Шагая по краю этой бездны живого забвения, Ярин чувствовал, как его внутренний лед покрывается трещинами. Упорядоченный ужас службы был защитой. Дикий, дышащий кошмар лез под кожу, в дыры его души, и шептал, что беспредел – это не наказание, а верное, изначальное состояние. И что он, Помятун, со своей перчаткой и свитками, – всего лишь временное, хрупкое отклонение от нормальности.

Он еще не нашел Обряд. Но безжалостная Навь уже начала работу по разложению последнего, что держало его в форме строгого архивариуса. Она показывала ему его будущее: не вечную службу, а растворение в этом шепоте ветров, в этих кривых зеркалах, в этой тоске, что пожирает саму себя. И самое ужасное было в том, что в этой пустоте он начал находить странное, извращенное утешение.

Лес Кривых Зеркал не просто искажал реальность – он ее переваривал и выплевывал. Стены из черного обсидиана отражали не то, что было, а то, что жаждала, боялась или отрицала душа. Для Ярина это стало самой изощренной пыткой.

Зеркала, мимо которых он шел, показывали невозможное. То он, седовласый и сгорбленный, но со спокойным лицом, держал за руку Лели, и они смотрели на закат, которого никогда не было в Нави. То он, юноша с еще теплой кожей, целовал ее на поляне, усеянной цветами, что давно истлели в небытие.
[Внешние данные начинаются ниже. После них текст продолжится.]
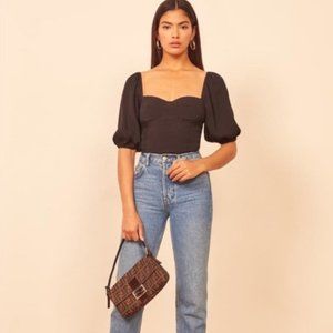 Reformation Lua Puff Sleeve Top, Black, Size 0
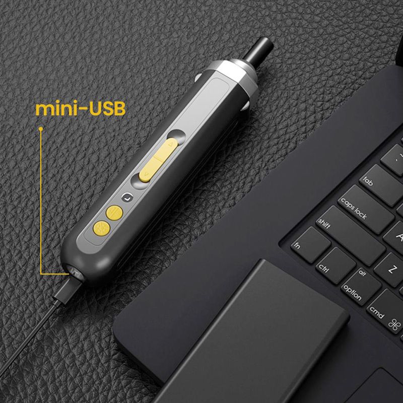 OPLAADBAAR EN DRAADLOOS : Zeg vaarwel tegen gedoe met snoeren en batterijen. Onze mini-schroevendraaier is oplaadbaar en biedt langdurig vermogen voor al uw klussen. De meegeleverde USB-oplaadkabel zorgt voor eenvoudig en handig opladen, zodat u altijd klaar bent voor uw klussen.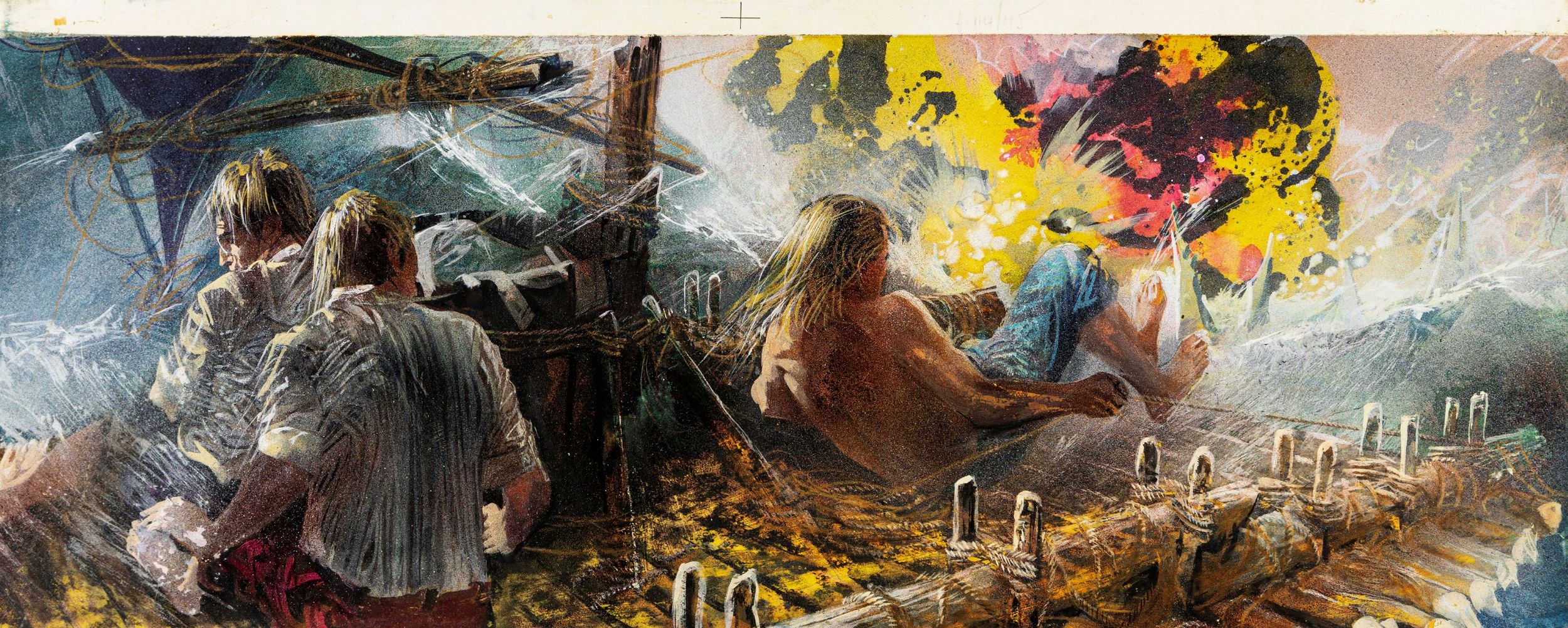 1963 Illustrazione originale realizzata da Renna per il romanzo Viaggio al centro della Terra di Jules Verne edito nel 1963.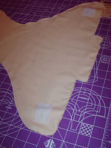 4. pines tabs para las alas. Para coserlas en, asegúrese de que dejar el lado recto dobladillo abierto porque tendrá que girar sobre el lado del gancho.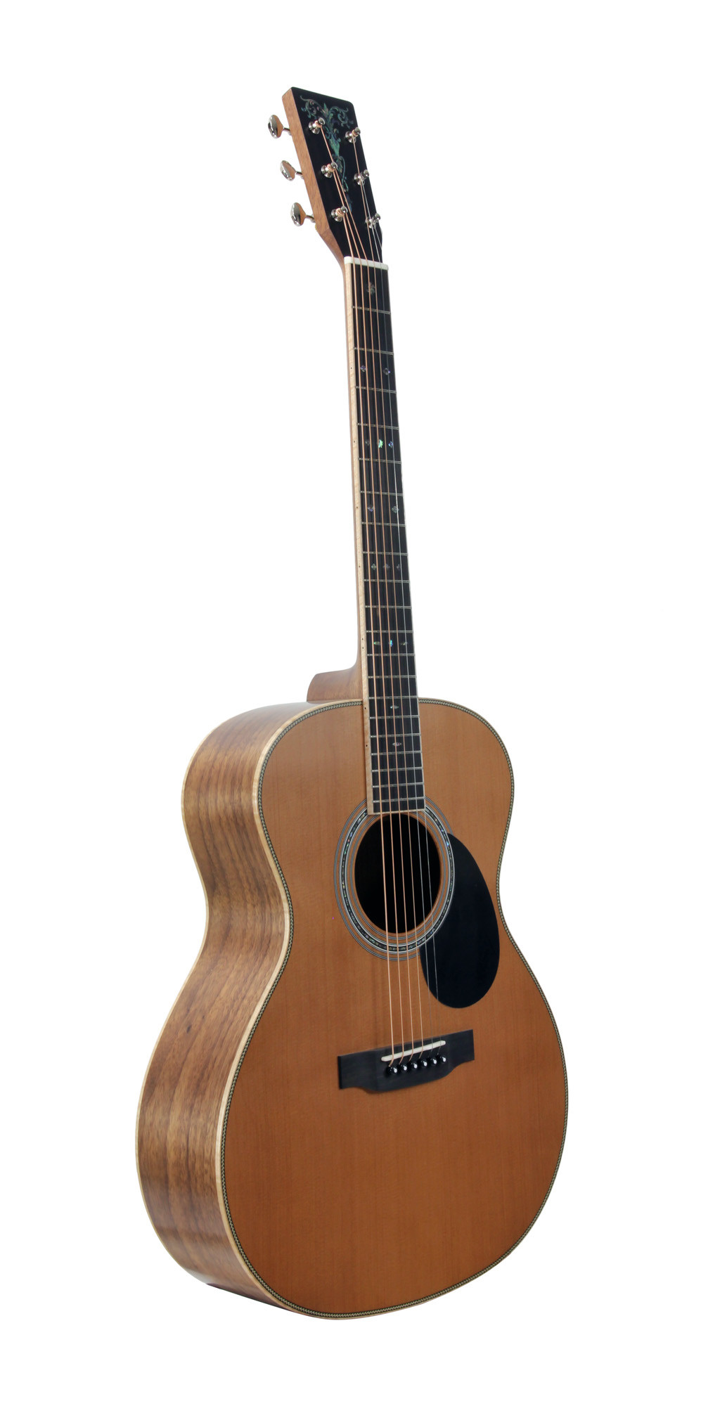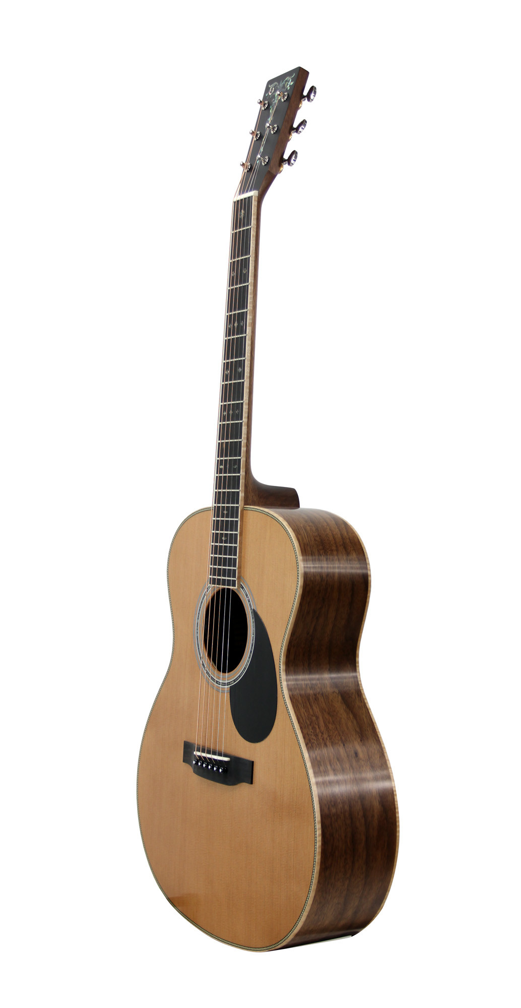 Sa table en cèdre massif, son fond et ses éclisses en noyer massif, sa touche et son chevalet en ébène, ainsi que ses sillets en os et ses mécaniques Grover chromées, témoignent d’un niveau de fabrication soigné.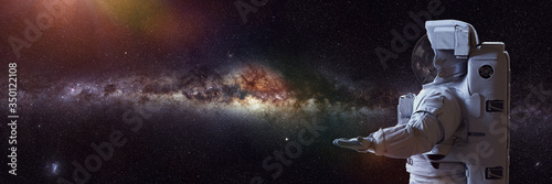 The watermark will not be included on Sticker.: Astronaut presenting an empty space in front of the milky way galaxy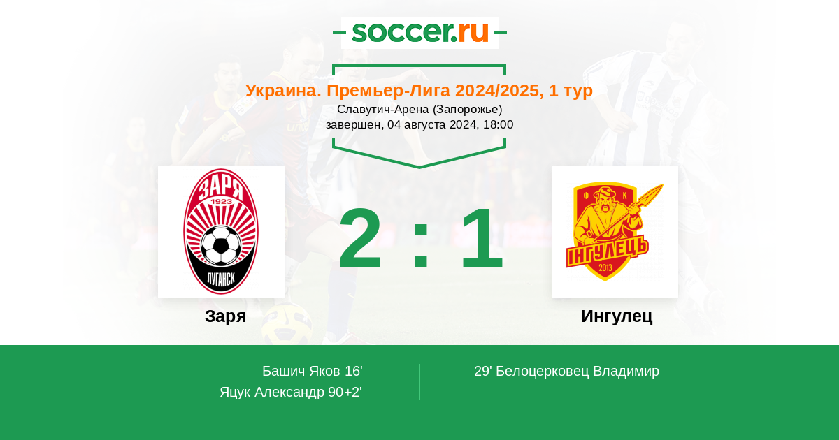 Протокол матча Заря против Ингулец

Это были не воспоминания, а насмешки вечности, вселенные, где ее предательство не случилось, где его выбор был иным. Каждое такое видение впивалось в него острее кинжала Тосковика, потому что было красивее правды и горше забвения.

Его отражение мелькало, искаженное и неверное – то старик, то юноша, то вовсе тень с пустыми глазницами. Но всегда – рядом с ней. Зеркала, казалось, знали единственную рану, которая еще могла кровоточить в этой ледяной пустоте, и безжалостно сыпали на нее соль.

Помятун продвигался, стиснув зубы до боли, и она подтверждала: он еще здесь, еще Ярин, а не просто молчаливый Страж Памяти. Но видение, возникшее на следующей гладкой отражающей поверхности, сломало его окончательно.

Они были старше. Не старыми – просто прожившими вместе долгую жизнь. Сидели у камина в простой деревянной хижине, которой никогда не существовало. На ее коленях лежало вязание, а его ладонь покоилась поверх ее руки. Молчание между ними было теплым, наполненным, как спелый плод. Не огонь страсти, а тихий жар домашнего очага, уюта, доверия. То, о чем они когда-то шептались в самые сокровенные ночи, смеясь над собственной наивностью.

«Представь, мы будем просто двумя стариками у огня…»

Это «просто» ударило его с такой силой, что воздух вырвался из легких. Не насмешка, а… убийство того будущего, которое они приговорили сами. А зеркало теперь воскрешало его лишь для того, чтобы показать, каким полным, каким настоящим оно могло бы быть.

Ярость, дикая, слепая, поднялась в нем, сметая ледяной цинизм. Он не сдержал крика – низкого, звериного, сотканного из веков молчания. Его рука в перчатке, это орудие умерщвления памяти, взметнулась и со всей силой обрушилась на глянцевую поверхность.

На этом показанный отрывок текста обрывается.